The information in this handbook was leaked Google rater quality is not surprising. If you want to get ranked high in Google and not for a moment then avoid spam tactics and always use ethical optimization methods. If you give Google what it wants, your website will be ranked at the top in a very long time.

Last October Google leaked the latest manual for assessors quality (quality rater). This handbook provides information about how Google assesses the quality of a website. Is your website good enough by the standards of Google?


What is your book appraiser quality?

As we know that Google employs quality assessors. They are the ones who examine the results of a Google search it manually to ensure that the ranking algorithm works as expected.

A quality assessors tasked to visit the site by Google for a query, which then evaluates the query results by relevance. If a website is not appropriate for the results, they can mark it as a spam site.

Quality rater handbook contains guidelines used by the assessors to evaluate web pages. While Google immediately remove the link to the book, it is quite known.

Some of the most important of these guidebooks:


1. Some search queries are automatically localized

Some search queries are automatically localized, even if the query does not contain a local qualifier. An example for a query like "ice rink".
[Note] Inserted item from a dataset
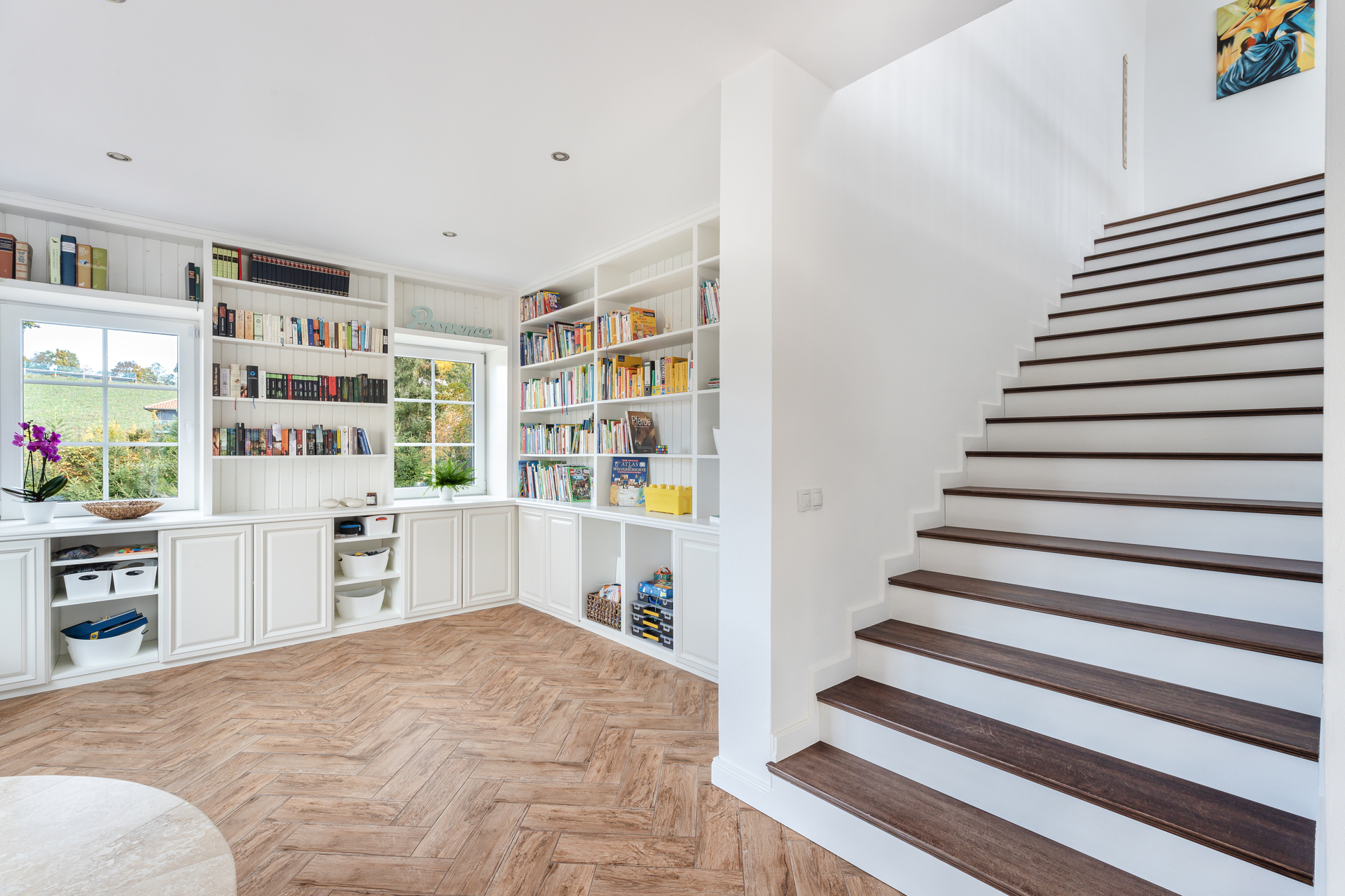 - Fischgrät-Boden in Küche, Wintergarten, Wohnzimmer und Bibliothek

I think that the search results for "ice rink (ice rink)" should display local results. The results of non-locality is considered less relevant or even useless (off topic).
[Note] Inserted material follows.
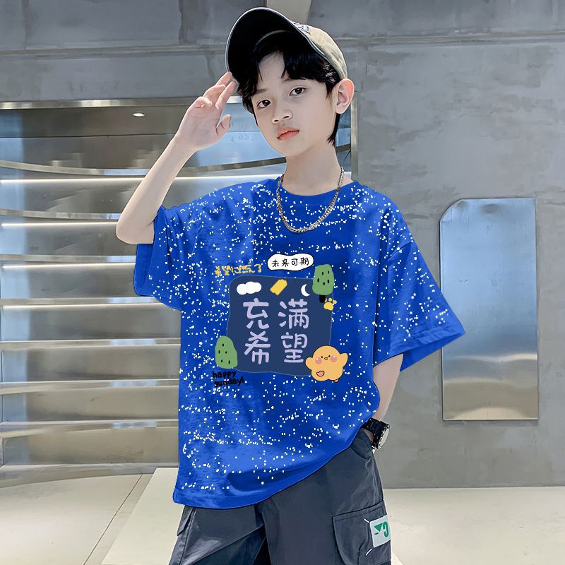 남자들의 여름 티셔츠 면 중대형 어린이 반팔 손수건 2025 새로운 도착 여름 반소매 유행 게슈타포 탑

2. Google uses some level of "relevance"

Google instructs appraisers to rate the quality of a website as an "essential", "useful", "relevant", "irrelevant" and "off topic".

But in addition to relevancy, Google prefers pages that "very satisfying, having authority, entertaining, and / or the latest".

3. If a word has more than one meaning, I chose the most popular

For example, I assume that most people who search for "apple" is currently interested in the company that owns the name. Search Results significant others (eg fruit) will get a lower level of relevance.

4. Relevant web pages may be a spam

Google makes the separation between relevance and spam. A web page could be categorized as spam even though it contains relevant content.

If your website uses these tactics, it  is likely to be marked as spam:


forums are full Copas
fake search pages and full of PPC advertising
fake blogs full of PPC ads (splog - spam blogs)
thin affiliate site which no other purpose than to make money
less original content
page containing only PPC without any or little content
parked domain

text or hidden links
redirection via multiple URLs
domain rotation objectives
keyword stuffing
using PPC but the page is not relevant to the purpose of advertising
ad and content paste (copy-paste)
PPC ads are full of feed
doorway pages


5. Some of the results are "important" to Google

As mentioned above, Google has five categories of relevance. Category of "important" is for the website to appear in search results. For example, apple.com is expected to occupy the top results for the search term "apple".

Social media profile pages a company (on Facebook, etc.) is not considered "essential" according to Google's quality rater guidebook.

Generic query has no results "important". Some search keywords such as "travel destinations" is always generic. No results were "essential" for the query, and the domain name that exactly matches the query type is not making a website is "important".

6. We distinguish three types of search queries

According to Google, search queries can be classified into action ("do"), query information ("know") and navigational query ("go").

A search query can only be included in the classification only and determine the types of query results are considered relevant. For example, action-oriented query ("buy mp3 player") should have the results-oriented action.

6. Relevant pages must be error-free, in the appropriate language, and directed / targeted

If Google thinks are misspelled in a query, the relevance of search results based on what I think is the correct spelling / should be.

Search results that do not match the query language scored low relevance. If the query involves a particular country, relevant results must come from the country.

The search results page should match the query. Searches are 'long tail' will show different results. A very long query should give a wider coverage results.